The data:

= = = = =

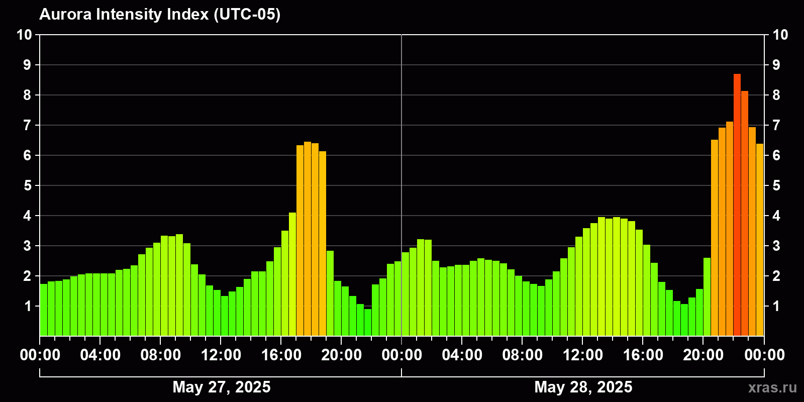 Auroral intensity index and the theoretically possible latitude of observations for nighttime in the Western Hemisphere as of 2025-05-28 23:54 (end of day) local time
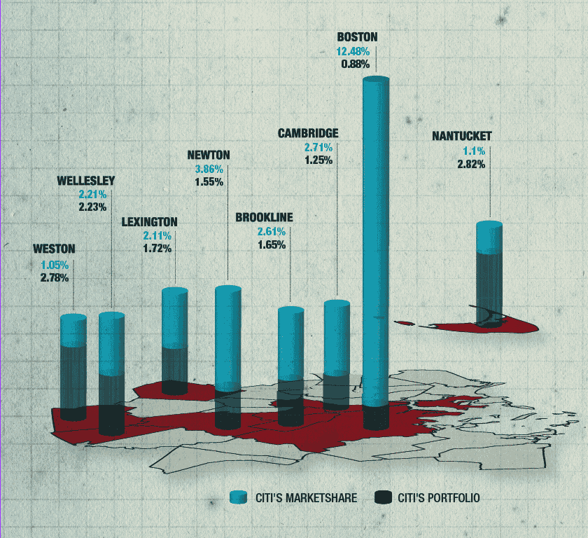 Four of those municipalities also represented areas where Citi was strongest in the town-wide market: Wellesley, Lexington, Brookline, and Newton were in the top 25 best locations for Citi’s market share statewide. Citi made loans in 273 municipalities in Massachusetts overall; Cambridge ranked at No. 36 for Citi, Springfield ranked No. 62 and Boston at No. 65.
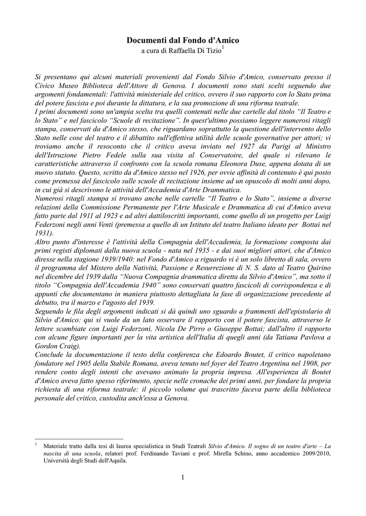 Documenti dal Fondo d'Amico a cura di Raffaella Di Tizio 1 Si presentano qui alcuni materiali provenienti dal Fondo Silvio d'Amico, conservato presso il Civico Museo Biblioteca dell'Attore di Genova. I documenti sono stati scelti seguendo due argomenti fondamentali: l'attività ministeriale del critico, ovvero il suo rapporto con lo Stato prima del potere fascista e poi durante la dittatura, e la sua promozione di una riforma teatrale. I primi documenti sono un'ampia scelta tra quelli contenuti nelle due cartelle dal titolo “Il Teatro e lo Stato” e nel fascicolo “Scuole di recitazione”. In quest'ultimo possiamo leggere numerosi ritagli stampa, conservati da d'Amico stesso, che riguardano soprattutto la questione dell'intervento dello Stato nelle cose del teatro e il dibattito sull'effettiva utilità delle scuole governative per attori; vi troviamo anche il resoconto che il critico aveva inviato nel 1927 da Parigi al Ministro dell'Istruzione Pietro Fedele sulla sua visita al Conservatoire, del quale si rilevano le caratteristiche attraverso il confronto con la scuola romana Eleonora Duse, appena dotata di un nuovo statuto. Questo, scritto da d'Amico stesso nel 1926, per ovvie affinità di contenuto è qui posto come premessa del fascicolo sulle scuole di recitazione insieme ad un opuscolo di molti anni dopo, in cui già si descrivono le attività dell'Accademia d'Arte Drammatica. Numerosi ritagli stampa si trovano anche nelle cartelle “Il Teatro e lo Stato”, insieme a diverse relazioni della Commissione Permanente per l'Arte Musicale e Drammatica di cui d'Amico aveva fatto parte dal 1911 al 1923 e ad altri dattiloscritti importanti, come quello di un progetto per Luigi Federzoni negli anni Venti (premessa a quello di un Istituto del teatro Italiano ideato per Bottai nel 1931). Altro punto d'interesse è l'attività della Compagnia dell'Accademia, la formazione composta dai primi registi diplomati dalla nuova scuola - nata nel 1935 - e dai suoi migliori attori, che d'Amico diresse nella stagione 1939/1940: nel Fondo d'Amico a riguardo vi è un solo libretto di sala, ovvero il programma del Mistero della Natività, Passione e Resurrezione di N. S. dato al Teatro Quirino nel dicembre del 1939 dalla “Nuova Compagnia drammatica diretta da Silvio d'Amico”, ma sotto il titolo “Compagnia dell'Accademia 1940” sono conservati quattro fascicoli di corrispondenza e di appunti che documentano in maniera piuttosto dettagliata la fase di organizzazione precedente al debutto, tra il marzo e l'agosto del 1939. Seguendo le fila degli argomenti indicati si dà quindi uno sguardo a frammenti dell'epistolario di Silvio d'Amico: qui si vuole da un lato osservare il rapporto con il potere fascista, attraverso le lettere scambiate con Luigi Federzoni, Nicola De Pirro o Giuseppe Bottai; dall'altro il rapporto con alcune figure importanti per la vita artistica dell'Italia di quegli anni (da Tatiana Pavlova a Gordon Craig). Conclude la documentazione il testo della conferenza che Edoardo Boutet, il critico napoletano fondatore nel 1905 della Stabile Romana, aveva tenuto nel foyer del Teatro Argentina nel 1908, per rendere conto degli intenti che avevano animato la propria impresa. All'esperienza di Boutet d'Amico aveva fatto spesso riferimento, specie nelle cronache dei primi anni, per fondare la propria richiesta di una riforma teatrale: il piccolo volume qui trascritto faceva parte della biblioteca personale del critico, custodita anch'essa a Genova. 1 Materiale tratto dalla tesi di laurea specialistica in Studi Teatrali Silvio d'Amico. Il sogno di un teatro d'arte – La nascita di una scuola, relatori prof. Ferdinando Taviani e prof. Mirella Schino, anno accademico 2009/2010, Università degli Studi dell'Aquila. 1 Indice2 1. SCUOLE DI RECITAZIONE................................................................p.10 Regio decreto 7 gennaio 1926, n.505 - Statuto della Regia scuola di recitazione di Roma ―Eleonora Duse‖ – p.11 Opuscolo di presentazione della Regia Accademia d'Arte Drammatica (1939) – p.17 Lettera dattiloscritta di d'Amico Silvio a S. E. il Ministro dell'Istruzione, 1927 luglio 15 – p.18 RITAGLI STAMPA ...................................................................................p. 22 Giordani P., Alla scuola di Virginia Marini (1918) – p. 24 Vice, “La scuola degli attori”. Inconvenienti e vantaggi di una proposta. I figli d'arte, i filodrammatici e la realtà (1919) – p. 27 Levi C., Filodrammatiche, Scuole di recitazione e simili, «Il Marzocco», 1 febbraio 1920 – p. 28 D'Amico S., Teatro e Scuola di recitazione, «Il Marzocco» n. 6, 8 febbraio 1920 – p. 30 D'Amico S., Per concludere sul Teatro e la Scuola di recitazione, «Il Marzocco» n. 8, 22 febbraio 1920 - p. 31 La Scuola di recitazione a Santa Cecilia (Un colloquio con Franco Liberati), «Il Messaggero», 4 novembre 1925 – p. 33 Porfirio (Umberto Fracchia), Dopo il teatro – p. 35 D'Amico S., Nota alla legge sul diritto d'autore. Il povero teatro, «Il corriere del Teatro», anno II n.1, gennaio 1926 - p. 36 Italo Inglese, Un prezioso cantiere. La Scuola di recitazione Eleonora Duse, «Il Popolo di Roma» p. 39 Don Marzio (Mario Corsi), Le Scuole di recitazione – Vita Grama, «Gazzetta del Popolo», Roma, 4 agosto 1927 – p. 41 Don Marzio (Mario Corsi), Le scuole di recitazione. Una fucina di attori. La questione dei programmi e degli orari. La cattedra di storia della letteratura drammatica. Il problema degli insegnanti , «Gazzetta del Popolo» 7 agosto 1927 - p. 43 2 Non tutti i documenti hanno indicazioni riguardo alla data: dove questa è desumibile da quanto è scritto la indicheremo tra parentesi. 2 Bertuetti E., La nostra inchiesta sulle Scuole di recitazione. Alcuni pareri di Franco Liberati «Gazzetta del Popolo», 11 agosto 1927 – p. 45 D'Amico S., Per un Teatro-Scuola, «La Tribuna», 18 agosto 1927 - p. 48 D'Amico Silvio, Adunata teatrale a Parigi. La crisi, la crisi, la cr

= = = = =

Please, without any of the pictures, set down exactly the lines from the beginning of the listing to the line that contains "Four of those", inclusive.

 Auroral intensity index and the theoretically possible latitude of observations for nighttime in the Western Hemisphere as of 2025-05-28 23:54 (end of day) local time
 Four of those municipalities also represented areas where Citi was strongest in the town-wide market: Wellesley, Lexington, Brookline, and Newton were in the top 25 best locations for Citi’s market share statewide. Citi made loans in 273 municipalities in Massachusetts overall; Cambridge ranked at No. 36 for Citi, Springfield ranked No. 62 and Boston at No. 65.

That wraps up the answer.